The saying “out with old and in with the new” doesn’t necessarily ring true for college students when it comes to the H1N1 virus, commonly known as swine flu. Last Spring, colleges across the country were inundated with health concerns about this highly contagious virus, concerns that caused rather inflated prevention efforts and mild public panic in proportion to the actual severity of the infection. However, this fall, health officials are gearing up for an even bigger, more serious swine flu flare-up, though it is still too early to predict.
So far, hundreds of cases have been reported across colleges and universities, and recently, several news sources linked two campus deaths to the virus, a freshman at Troy University and a student at the University of Nebraska. Yet, anywhere from 50 to over 200 cases per campus reporting H1N1 only represent a very small percentage of the thousands and tens of thousands of students that make up any campus body enrolled this year.
While statistically the threat seems small, college administrators are still heeding advisement from federal health officials by taking all the necessary precautions. So what does that mean for you, the college student? It means be prepared for an unusual semester.
Here are some guidelines that you can expect from your campus:
Any students experiencing flu-like symptoms such as a fever or cough, severe or persistent vomiting, lethargy, irritability, pain or pressure in the chest or abdomen, dizziness, or vertigo will be assumed to have H1N1. Health officials are urging students who are already infected with the flu to go home, if possible. Some campuses have assigned sick dorms to quarantine ill students. Other campuses are encouraging sick students to isolate themselves in their dorm until 24 hours after their symptoms have subsided. Additionally, students that are sick, have been urged to wear masks in common areas such as bathrooms or when interacting with others.

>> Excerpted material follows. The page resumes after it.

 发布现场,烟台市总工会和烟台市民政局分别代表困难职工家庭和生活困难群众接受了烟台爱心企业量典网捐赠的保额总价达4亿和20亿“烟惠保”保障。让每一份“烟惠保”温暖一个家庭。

If you are experiencing flu-like symptoms, it is recommended that you tell your RA and your roommate. Also, if you are sick and miss class, contact your professor. Campuses have been communicating to professors the importance of leniency for those that miss class due to a flu infection.

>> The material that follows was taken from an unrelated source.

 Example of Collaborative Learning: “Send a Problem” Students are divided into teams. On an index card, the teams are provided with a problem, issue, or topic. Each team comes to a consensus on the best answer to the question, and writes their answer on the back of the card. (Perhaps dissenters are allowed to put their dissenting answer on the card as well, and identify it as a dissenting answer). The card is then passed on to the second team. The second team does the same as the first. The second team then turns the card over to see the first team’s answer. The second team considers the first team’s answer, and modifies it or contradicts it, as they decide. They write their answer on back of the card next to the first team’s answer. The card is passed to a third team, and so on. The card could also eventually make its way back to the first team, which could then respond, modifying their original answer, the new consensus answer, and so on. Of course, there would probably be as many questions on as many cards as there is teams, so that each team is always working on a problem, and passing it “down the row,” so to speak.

If in isolation, check to see if your campus provides meal delivery or ask a friend or roommate to help with meals.
In a situation where your roommate has been asked to isolate to the dorm room, it is recommended you check with your dorm director for the possibility of a short-term relocation. It might also be best to clean your living space, i.e., door knobs, computer keyboard, etc.
Be sure to monitor your health every day and take necessary precautions.
The best way to prevent getting sick is cleanliness. Wash your hands vigorously with soap and warm water. Clean room surfaces, car surfaces, cell phone, computer keyboard, etc., with antibacterial wipes or cleanser. Avoid touching your face, i.e., eyes, nose, and mouth. A seasonal flu or H1N1 vaccination is also recommended.
Generally, cases of the H1N1 have been mild, not requiring a doctor’s visit. However, those who have chronic illnesses or are pregnant and begin to experience flu-like symptoms should see a medical provider.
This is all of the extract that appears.